Larry Ellison Opens Up About Steve Jobs' Last Days

Steve Jobs

Few people knew Steve Jobs better than Oracle founder Larry Ellison. The two were friends for more than two decades and lived next door to each other for a time. Now, Ellison is opening up about the Apple cofounder's final days battling pancreatic cancer.

"We'd always go for walks, and the walks just kept getting shorter," Ellison told Charlie Rose in a CBS This Morning interview that aired Tuesday. "Until near the end we'd kind of walk around the block or maybe — maybe four blocks, something like that. And you just watched him getting weaker."



Ellison says that Jobs' loss of strength was all the more striking given his gung-ho personality. "This was absolutely the strongest, most willful person I have ever met, and after seven years, the cancer even wore him out ... He was just tired of fighting, tired of the pain."

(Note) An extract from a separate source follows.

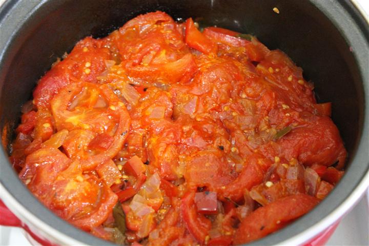 Ardeiul nu se lasa sa se coaca foarte mult, se ia de pe foc si se toaca marunt impreuna cu ceapa.
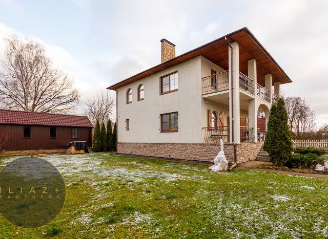 Площадь 344 кв.м. 4-уровневый (1 этаж - прихожая, кухня-столовая, гостиная с бильярдом и камином, с/у, 2 этаж - холл, 3 спальни, с/у, спортивный зал со столом для настольного тенниса и игры в дартс, мансардный этаж - оборудована гостевая спальня и хозяйственные помещения, цокольный этаж - сауна, бассейн, душ, комната отдыха, постирочная, хозяйственные помещения). В крыле имеется теплый гараж. Коттедж полностью меблирован, паркетные полы в жилых комнатах, вся бытовая техника, готов к проживанию. Фундамент - ж/б блоки, межэтажные перекрытия - ж/б плиты, стены из кирпича, облицован плиткой из натурального песчаника и декорирован элементами из натурального известняка и гранита. Богатая входная группа. Крыша из натуральной черепицы. Коттедж выглядит очень стильно.

Ellison revealed that Jobs eventually decided to stop his cancer treatment, a move that "shocked" those close to Jobs. A few days later, on Oct. 5, 2011, Jobs passed away.

"He decided — shocked Lorraine [Powell Jobs, his wife], shocked everybody — that the medication was gonna stop," Ellison recalled. "He just pulled off the meds — I think on a Saturday or a Sunday. And by the following Wednesday he was gone."

In a particularly moving moment, Ellison described his eulogy for Jobs. "My eulogy began, you know, I guess we're all told that no one's irreplaceable. I don't believe that. I just don't," he said.

At another point in the interview, Ellison proclaimed that Jobs was this era's equivalent of Pablo Picasso and Thomas Edison, and suggested that Apple is in trouble now that he is no longer around to lead the company.